In an increasingly powerful interdependence, institutions and charities depended on Savile for his Midas touch fundraiser. In turn, they made him a famous philanthropist. Savile has been rewarded with board positions in NHS and other organisations, as well as unhindered access to restricted areas and behavioral latitude.

It was for this charity work, more than his celebrity achievements, that Savile was made an OBE in 1972. He was later knighted, by both the Queen and the Pope, in 1990.

At that time, the BBC, NHS, Department of Education and Science (as it was known in the early 1990s), state, church, monarchy, military and nation were all involved in its collective validation.

Savile was so deeply institutionalized – so sure of himself as a national treasure – that he interacted with everyone, from royalty to the general public, entirely on his own terms, and despite rumors, gossip and allegations about his sexual predilections which had persisted throughout his life. celebrity career.

Savile’s Enduring Legacy

Savile keeps the honor he received by being knighted in 1990

By marginalizing the empowering role of institutions in Savile’s crimes, the Netflix documentary and official investigations ultimately preserve the reputations of these institutions and absolve key people of responsibility. To this day, few have been brought to justice for allowing, covering up, or failing to properly investigate what he did.

In a 2001 interview with Irish journalist Joe Jackson, Savile reportedly commented, “Anything said after I’m gone is irrelevant. If I leave, that’s it. Bollocks to my inheritance. The savvy media operator might be surprised to know that, 11 years after his death, his legacy continues to taunt British society.

Savile’s case has become the benchmark against which offenders and related offenses – alleged or proven – can be measured.

Official investigations have dissected his life and his crimes from every angle.

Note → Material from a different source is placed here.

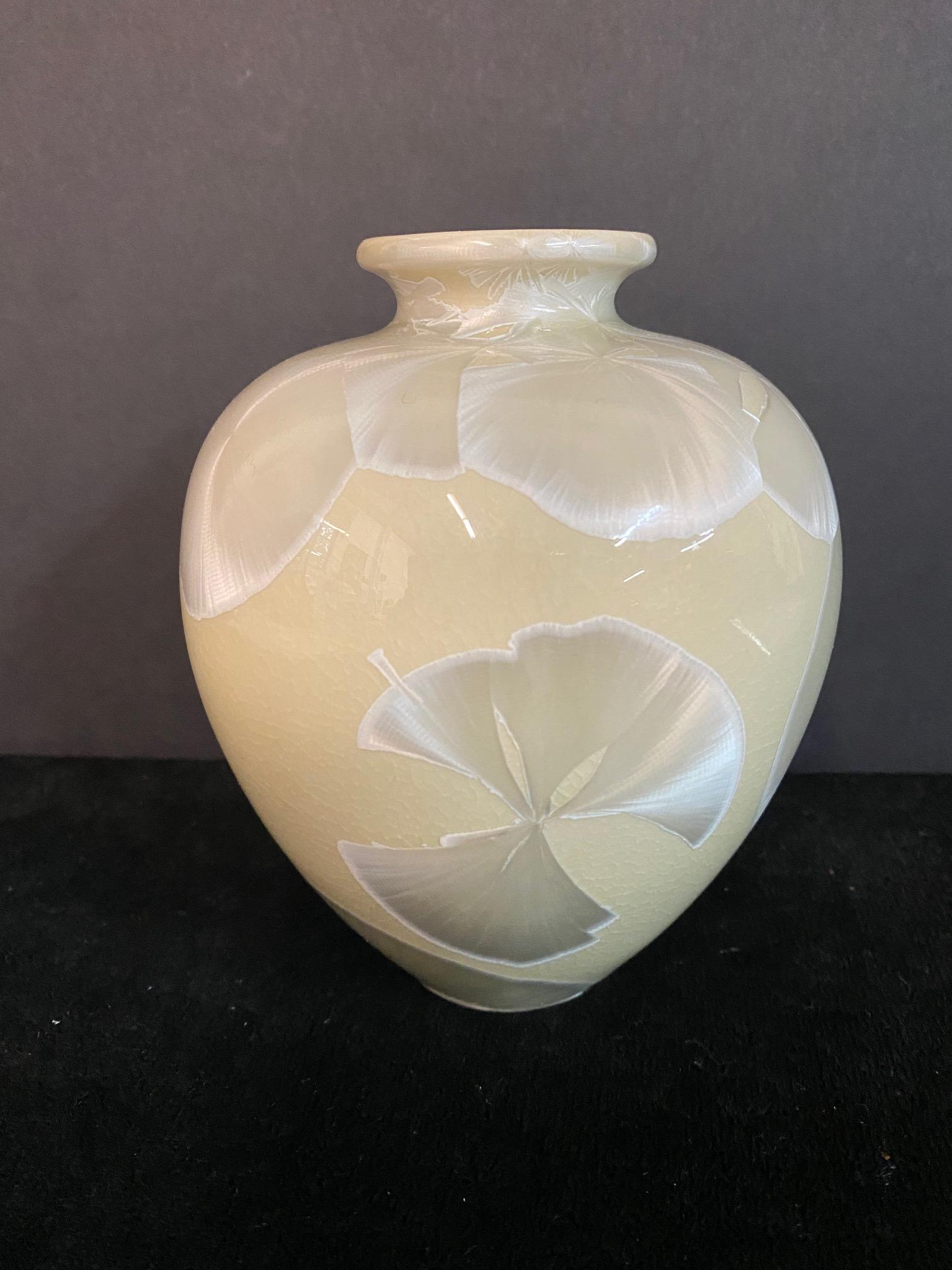 SIGNED CERAMIC VASE W/ IRRIDESCENT LEAVES 5.5"

There may be few other shocking revelations. Despite this, his Jekyll and Hyde persona continues to prove irresistible to directors and playwrights. To date there have been at least ten documentaries and a play about the rise and fall of Savile. Comedian and actor Steve Coogan is set to play Savile in an upcoming primetime drama on BBC One, titled The Reckoning.

And if the continuous media coverage has only amplified its notoriety, it also represents an act of testimony. It reminds us of Savile’s unique place in post-war British national life, the extent of his offense and the way he “fixed” it so that the truth disappeared from plain sight. It offers survivors an important outlet to recount the shattering impact of being silenced or ignored. It encourages others to come forward.

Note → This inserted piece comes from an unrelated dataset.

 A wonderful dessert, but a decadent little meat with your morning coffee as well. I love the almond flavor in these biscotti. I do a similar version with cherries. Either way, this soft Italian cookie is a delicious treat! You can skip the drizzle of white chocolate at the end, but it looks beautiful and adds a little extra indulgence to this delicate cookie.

Powerful celebrities, from Harvey Weinstein and Bill Cosby to R Kelly and Ian Watkins, have long been able to rely on institutional and cultural protection as well as legal and public relations strategies, to manipulate the media, neutralize allegations, silence victims and abuses with impunity.

If we are to have a reasonable chance of preventing such cases in the future, we must pay attention to the role that interrelated institutions – from media conglomerates to religious institutions, universities and governments – play in covering them up.

Chris Greer is Professor of Sociology at the University of Essex and Eugene McLaughlin is Professor of Criminology at City University of London.